Last Friday 5710 was lost. I haven't had velosity channel for quite awhile. Anyone, any ideas? Lil Joe


----------



## Stewart Vernon (Jan 7, 2005)

Do you subscribe to a package that includes Velocity? And do you have the proper satellite dish locations to receive that channel?


----------



## Lil Joe (Jul 12, 2013)

I have had 5710 for a couple of years or longer with no problems. Thank you, Stewart.


----------



## James Long (Apr 17, 2003)

5710 was REMOVED at 3:31pm on Wednesday ...

5710 TEST removed from 110° TP 13 (HD Preview)

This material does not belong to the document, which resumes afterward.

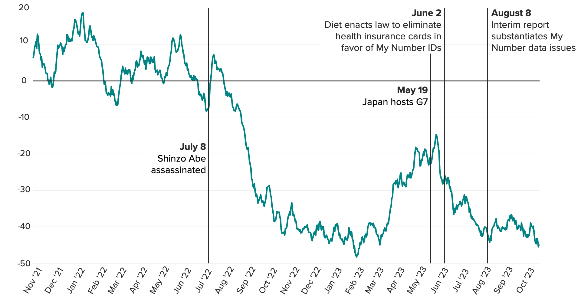 The recovery would prove short-lived: As of Oct. 15, his net approval rating had fallen 17 points in six months, and 30 points from its May apotheosis. Among other factors, we attribute the decline to the government’s early June move to eliminate health insurance cards and link Japan’s popular nationalized insurance coverage to an unpopular government ID card system known as “My Number.” An interim report found the rollout was widely botched, with thousands of registration errors and other administrative issues.

The channel no longer exists (as channel 5710).


----------



## Lil Joe (Jul 12, 2013)

Thank you James. What are my options to get Velosity?


----------



## garys (Nov 4, 2005)

Velosity , channel 246 is in AT120 or higher.


----------



## Stewart Vernon (Jan 7, 2005)

That's why I was asking what package he subscribed to... because 5710 is a test channel... and not one that anyone can depend on being there... and of course now it is gone. So the only way to get Velocity is to subscribe to a channel that it is included with... so IF he should be getting Velocity then he would need to contact a Dish rep and ask them why he isn't getting a channel he is supposed to get... but if he doesn't subscribe to the package that includes Velocity, then that would explain his problem.


----------



## Willh (Jan 1, 2009)

Velocity is now on channel 246 and is now on the America's Top 120, 120 Plus, 200 and 250 packages. i like having in this package as another person in my household likes some shows on that channel.


----------



## Michael P (Oct 27, 2004)

Now that it's in 120 virtually everybody (with an HD receiver) gets it. 

The "test" channel had a long, interesting run. Anyone else remember when it was a fish tank?


----------



## P Smith (Jul 25, 2002)

yes, perhaps a fire log too


----------